For many individuals, cramping may occur during the biopsy portion of the procedure, similar to menstrual cramping. Your doctor will warn you before removing the tissue, so you're able to prepare and take deep breaths. The feeling is often compared to an IUD insertion (however, my IUD experience was very painful and my colposcopy procedures were mild in comparison). The cramping is typically only prevalent when the tissue is being removed with the forceps. Once the tissue is taken, your doctor will put down the stirrups and you'll get dressed.

What happens after the procedure?

A panty liner is suggested as you might have some vaginal bleeding or coffee-colored discharge. Mild discomfort usually follows the procedure, so it’s recommended that you take the day off and avoid strenuous activity, as sudden movements or heavy lifting can increase pain, according to the Mayo Clinic. Your doctor will probably recommend that you rest easy for a week or so—listen to that advice.

Sex, tampons, and any form of douching should not occur for about a week as they increase the risk of infection (and really, you should avoid douching altogether).

“You must immediately call your doctor or go to urgent care if you have a fever, purulent discharge like pus, heavy bleeding, or feel lightheaded,” Dr. Hansen says. “These problems are uncommon but you will need to rule out an infection.”

The tissue taken from the biopsy is sent to a pathologist and the results should come within a week or two. While you’re waiting for the results, you’ll probably be anxious. Try to remain calm. Abnormal cells can be treated with various procedures such as LEEP, LLETZ, cone biopsy, laser treatments, and cryotherapy. Your doctor will recommend the right treatment depending on the type of abnormal cells and how advanced they are.

After your colposcopy, your physician will likely recommend that you come in once a year for a Pap test until your results are normal, according to the American Cancer Society. Once you have normal cells, you can switch back to every three years.
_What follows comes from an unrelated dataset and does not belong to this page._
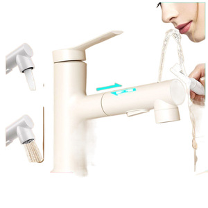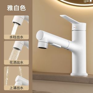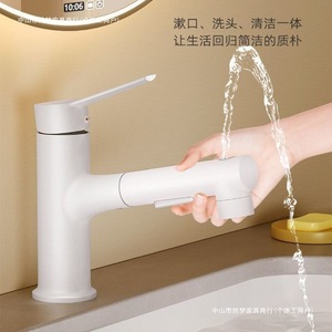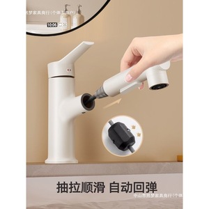 奶油风抽拉式水龙头洗脸盆冷热水白色洗手盆防溅卫生间台盆浴室柜

Here's the good news: Pap smears and colposcopies allow doctors to identify and treat precancerous lesions before they develop into cancer, which has dramatically impacted the number of people diagnosed with invasive cervical cancer. For instance, between 1955 and 1992, cervical cancer incidence and death rates dropped more than 60 percent. Still, more than 12,000 women in the U.S. are diagnosed with cervical cancer each year, according to the National Institutes of Health (NIH). But because it develops slowly, it is one of the most preventable types of cancer.

So, please, get regular Pap smears. “Remember, as scary as it seems, you are doing something important to prevent cancer and you will be glad you did,” Dr. Hansen says. Knowledge, especially when it comes to your health, is power.